SUPPLIED RECORDS START

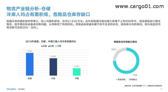 我國冷庫的面積居世界第三,但人均面積很低,僅為0.143立方米。此外因我國冷鏈倉儲大多建于上世紀90年代,現還面臨設計理念落后、技術落后和設備老舊等問題,從而降低了有效供給。危險品庫房基本屬于供不應求的狀態,因庫房分布的情況,部分地區的市場空缺可達到25%~30%。
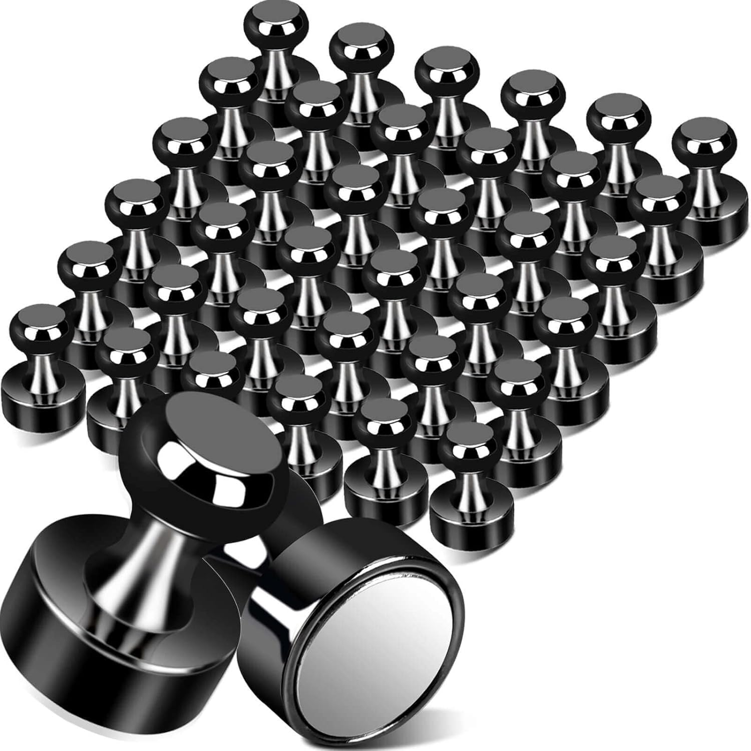 Black Fridge Magnets, Small and Strong Refrigerator Magnets for Whiteboard, Push Pin Magnet s for Classroom, Kitchen Accessories, Dry Erase and Map, Magnetic Decorative Magnets
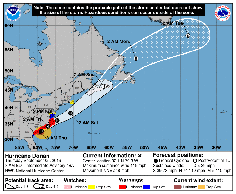 Thursday morning Hurricane Dorian Update from Jeff:
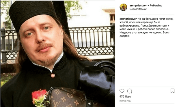 Louis Vuitton táskákról, Gucci cipőkről és hasonló luxusholmikról készült képeit posztolta az Instagram-oldalára Vjacseszlav Baskakov, orosz ortodox pap.
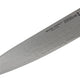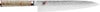 The blade has beautiful Damask patterning and a hard core of MicroCarbide MC63 powder steel enclosed within 100 layers of two different steels. The CRYODUR blade is ice-hardened at -196 degrees Celsius to achieve a hardness rating of around 63 Rockwell that keeps the blade sharp and flexible. The blade also undergoes manual Honbazuke honing between two rotating stones to achieve its extreme sharpness, and is then polished using a leather wheel. This Miyabi knife has both beauty and functionality.
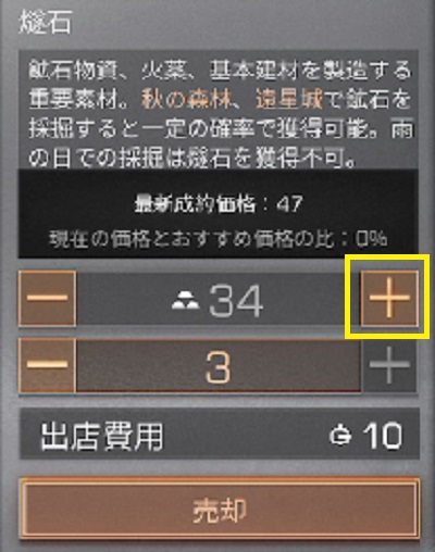 交易でアイテムを販売して金塊を集めますが、問題は何を売るかです。手間ばかり掛かってしまうのも効率が悪いし、かといって手間を掛けないと利益が少ない!!では、ちょっと意味がありません。何を売ったら良いか考える必要があります。

SUPPLIED RECORDS END

#### WHAT THE TASK REQUIRES:
Output the full listing verbatim; pictures stay out.

#### TASK RESULT:
 我國冷庫的面積居世界第三,但人均面積很低,僅為0.143立方米。此外因我國冷鏈倉儲大多建于上世紀90年代,現還面臨設計理念落后、技術落后和設備老舊等問題,從而降低了有效供給。危險品庫房基本屬于供不應求的狀態,因庫房分布的情況,部分地區的市場空缺可達到25%~30%。
 Black Fridge Magnets, Small and Strong Refrigerator Magnets for Whiteboard, Push Pin Magnet s for Classroom, Kitchen Accessories, Dry Erase and Map, Magnetic Decorative Magnets
 Thursday morning Hurricane Dorian Update from Jeff:
 Louis Vuitton táskákról, Gucci cipőkről és hasonló luxusholmikról készült képeit posztolta az Instagram-oldalára Vjacseszlav Baskakov, orosz ortodox pap.
 The blade has beautiful Damask patterning and a hard core of MicroCarbide MC63 powder steel enclosed within 100 layers of two different steels. The CRYODUR blade is ice-hardened at -196 degrees Celsius to achieve a hardness rating of around 63 Rockwell that keeps the blade sharp and flexible. The blade also undergoes manual Honbazuke honing between two rotating stones to achieve its extreme sharpness, and is then polished using a leather wheel. This Miyabi knife has both beauty and functionality.
 交易でアイテムを販売して金塊を集めますが、問題は何を売るかです。手間ばかり掛かってしまうのも効率が悪いし、かといって手間を掛けないと利益が少ない!!では、ちょっと意味がありません。何を売ったら良いか考える必要があります。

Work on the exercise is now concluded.